Even looking at the three respective head-to-head matchups between Toronto and Montreal, Saskatchewan and Winnipeg tells you just how different every game and each part of the CFL calendar has been in-season.

For the Argos and Alouettes it was a pair of early season matchups to kick things off in Week 4 and Week 6. In the first game Cody Fajardo led Montreal to a 30-20 road victory to remain undefeated. In that game Als running back Walter Fletcher had ten touches for just 25-yards total.

Two weeks later Cameron Dukes and the Argos came to Montreal and ended the Alouettes’ 13-game winning streak of any kind due in part to Fajardo injuring his hamstring and Toronto’s defence and special teams making the difference with a score for each non-offence unit.

Then it was an eleven week wait for the third and final game where Toronto would take the season series not thanks to returns or pick sixes, not even thanks to a big passing performance, but instead a 234 yard rushing day where they earned 7.8 yards per carry.

Three games, three different stories, three unique outcomes.

 

In the West Saskatchewan and Winnipeg would meet in a low scoring affair Week 7 where the still struggling Bombers lost 19-9 amidst their strangely slow start to 2024. Shea Patterson led the Riders to victory over Zach Collaros. Strange.

OK Tire Labour Day Weekend saw a more prototypical prairie rivalry game where Winnipeg spoiled the annual Regina party with a 35-33 win despite Collaros completing just twelve passes and Harris having 49 attempts with three touchdowns and no interceptions. Weird.

A week later in the rematch, Winnipeg won again despite running the ball for just 3.1 yards per carry on a whopping twenty attempts. Unusual.

This has been the 2024 season in a nutshell. Every game is different and the numbers rarely point to the result as the formulaic recent years would. Adding to this is major league trends like sacks being down which has affected the Bombers more than anyone as Winnipeg ranks last in the CFL with just 26 takedowns in 2024. That is less than half of their 53 sacks in 2023. It is the first time since 2003 that Winnipeg ranked last in sacks.

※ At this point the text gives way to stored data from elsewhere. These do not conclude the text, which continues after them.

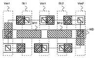 N 채널형 MOS 트랜지스터(TN1)의 소스전극은, 제 3층의 금속배선층에서 형성된 접지전위선(Vss1)에 접속되며, N 채널형 MOS 트랜지스터(TN2)의 소스전극은, 제 3층의 금속배선층에서 형성된 접지전위선(Vss2)에 접속된다. 또한, P채널형 MOS 트랜지스터(TP1, TP2)의 소스전극은, 제 3층의 금속배선층에서 형성된 전원전위선(Vcc1)에 접속되어 있다.The source electrode of the N-channel MOS transistor TN1 is connected to the ground potential line Vss1 formed in the metal wiring layer of the third layer, and the source electrode of the N-channel MOS transistor TN2 is the metal wiring layer of the third layer. It is connected to the ground potential line (Vss2) formed at. The source electrodes of the P-channel MOS transistors TP1 and TP2 are connected to the power source potential line Vcc1 formed in the metal wiring layer of the third layer.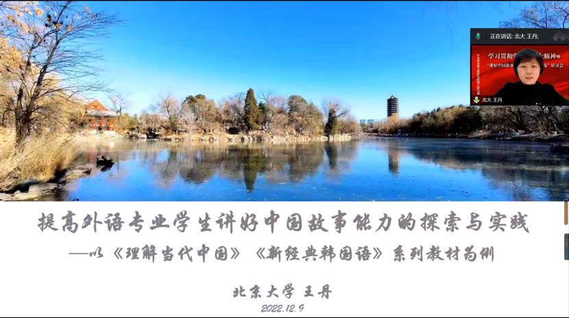 3003新葡平台登录入口副院长、朝(韩)语系教授王丹从教材编写角度分享了个人的育人理念与心得体会。她认为加强国际传播能力建设具有重大现实意义,在此背景下,必须着力提高外语专业学生讲好中国故事的能力。外语教材建设的重要性与可行性被进一步凸显。王丹通过介绍《理解当代中国》系列教材、《新经典韩国语》系列教材的编写工作,生动地展示了将中国故事融入外语教材的基本原则、探索历程与实践路径。她希望外语专业教师能够以教材、课程为阵地,秉持全方位融入、全过程渗透,无处不育人、无处不思政的理念,实现价值引领、知识传授、能力培养相统一,将“讲好中国故事”理念落到实处,为提高学生“讲好中国故事”能力作出应有贡献。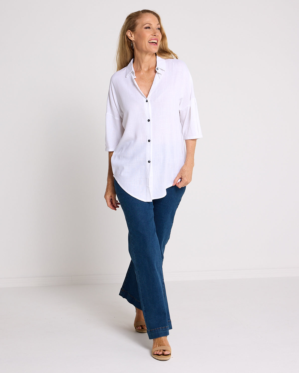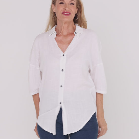 Fresh, timeless and endlessly versatile, the Elton Linen Shirt in White is a true wardrobe staple. Made from a breathable linen blend with a soft woven finish, this style offers an easy, relaxed fit that feels light and comfortable without looking casual. The crisp white colourway highlights the beautiful sleeve pleating and creates a clean, refined look that works across seasons. Perfect for warm days or layering under knits and jackets, this shirt pairs seamlessly with prints, denim, or tailored pants for effortless everyday polish.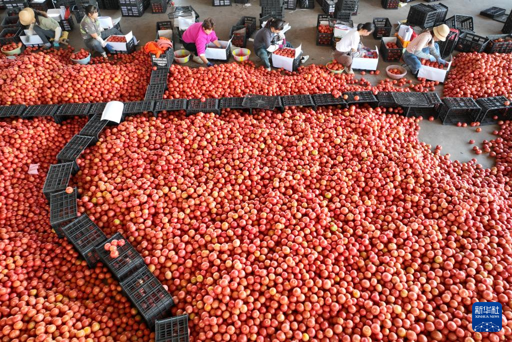12月17日,云南省元謀縣元謀蔬菜批發市場內,工人將西紅柿裝箱外運(無人機照片)。

All of this leads us to the Eastern and Western Finals where home teams have won 12 of the 14 playoff games since 2021. A weekend where Winnipeg is close to reaching a streak of five consecutive Grey Cup appearances for the first time in franchise history and Toronto aims to win the ultimate revenge game.

Throw the metrics out, forget about the previous matchups, tuck away your box score arguments. None of it matters. The only thing that will decide who goes to the 111th Grey Cup is four quarters of uniquely Canadian football between teams who know each other all too well.